Semut adalah binatang yang kreatif dan selalu bergerak. Semut adalah binatang yang tidak kenal lelah, tidak suka bermalasan dan berpangku tangan. Tidak akan ditemui seekor semut yang tidur pulas, apalagi dalam waktu yang lama. 
Semut adalah biantang yang kuat, karena seekor semut mampu menarik baban sebesar sepuluh kali berat bobot badannya. Hal itu tentu juga mesti menjadi contoh bagai manusia terutama umat Islam. Seorang mukmin mestilah kuat baik fisik, akal maupun rohani.

Bukankah Rasulullah saw. pernah bersabda bahwa “seorang mukmin yang kuat lebih utama dibandingkan mukmin yang lemah”
Semut adalah binatang yang suka hidup teratur dan disiplin. Coba perhatikan jika sekelompok semut sedang berjalan. Yang terlihat adalah keteraturan dan kedisiplinan yang tinggi. Segerombolan semut akan berjalan dengan teratur, antri, tidak saling mendahului apalagi saling injak satu sama lain. Jika semut bisa hidup teratur, disiplin serta patuh pada aturan, lalu kanapa manusia yang berakal tidak bisa diatur dan selalu melanggar aturan tersebut. 

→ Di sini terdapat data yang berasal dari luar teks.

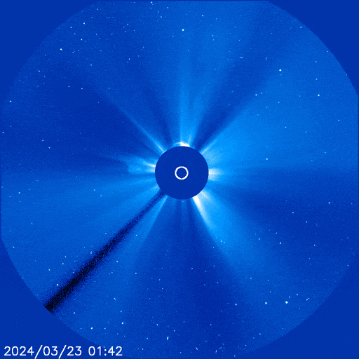再加之此次日冕物質(zhì)拋射過程發(fā)生的位置幾乎正對(duì)地球。從地球看去,噴發(fā)物形成一個(gè)圓面,也就是“全暈”。此類爆發(fā)活動(dòng)噴出的太陽(yáng)物質(zhì)相對(duì)地球速度快、覆蓋度高,可能會(huì)引起比較強(qiáng)的地磁活動(dòng)。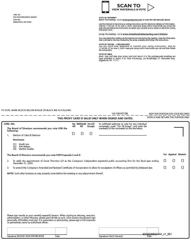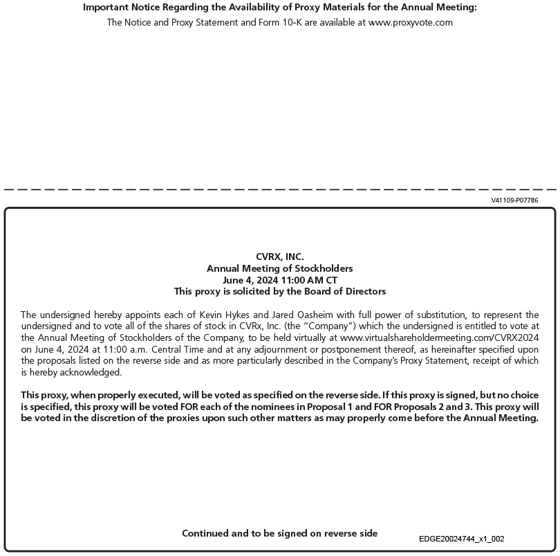 诚邀您参加特拉华州公司CVRx, Inc.(“我们”、“我们”、“CVRx”或“公司”)2024年年度股东大会(“年度会议”)。年会将于2024年6月4日(星期二)上午11:00(美国中部时间)以虚拟会议形式举行,目的如下:

Filosofi hebat semut yang bisa kita tiru :
  •  Never Give Up.


Pernah mencoba menghalangi jalan seekor semut? Apa yang terjadi? Si semut pasti berusaha untuk mencari jalan lain. Kita halangi lagi jalan lain yang akan di tempuh,dan dia tetap mencari jalan lain untuk menlanjutkan perjalanannya. Terus-terusan kita halangi jalannya dan pasti terus-terusan pula dia mencari jalan lain bahkan dia akan mendaki,meskipun resikonya kehilangan nyawanya. Hikmah yang bisa kita ambil dari hal tersebut adalah bahwa seekor semut tidak pernah menyerah terhadap halangan apapun yang menghambat atau menghalangi tujuannya.

  • TeamWork.

Kalau mau belajar kerja sama, kita harus belajar kepada semut. Jika seekor semut menemukan makanan yang cukup besar, maka ia akan mengundang rekan-rekannya untuk bersama-sama menggotong makanan tersebut ke gudang mereka. Mereka akan mengerubuti makanan tersebut dari semua arah dan berusaha membawanya bersama-sama. Jika makanan itu terlalu besar dan berat untuk digotong bersama-sama, maka mereka akan merobek makanan tersebut menjadi kecil-kecil dan membawa potongan yang kecil-kecil itu ke gudang sarang mereka. Tidak ada yang menyombongkan diri karena sudah menemukan makanan tersebut. Tidak ada juga yang membanggakan diri karena bisa membawa potongan yang lebih besar. Bahkan jika diperjalanan ada celah besar dan dalam yang menghalani jalannya, ternyata yang terjadi adalah ada sebagian semut mengorbankan diri mereka dengan cara merekatkan diri menjadi jembatan hidup guna kelancaran perkerjaan rekan-rekan semut yang lain. Tujuan mereka hanya satu, kerjasama menyelesaikan pekerjaan besar tersebut.


The Winner selalu berfikir mengenai kerja sama, sementara The Looser selalu berfikir bagaimana menjadi tokoh yang paling berjaya. Untuk membentuk ikatan persahabatan dan persaudaraan harus ada kerendahan hati dan keikhlasan bekerja sama.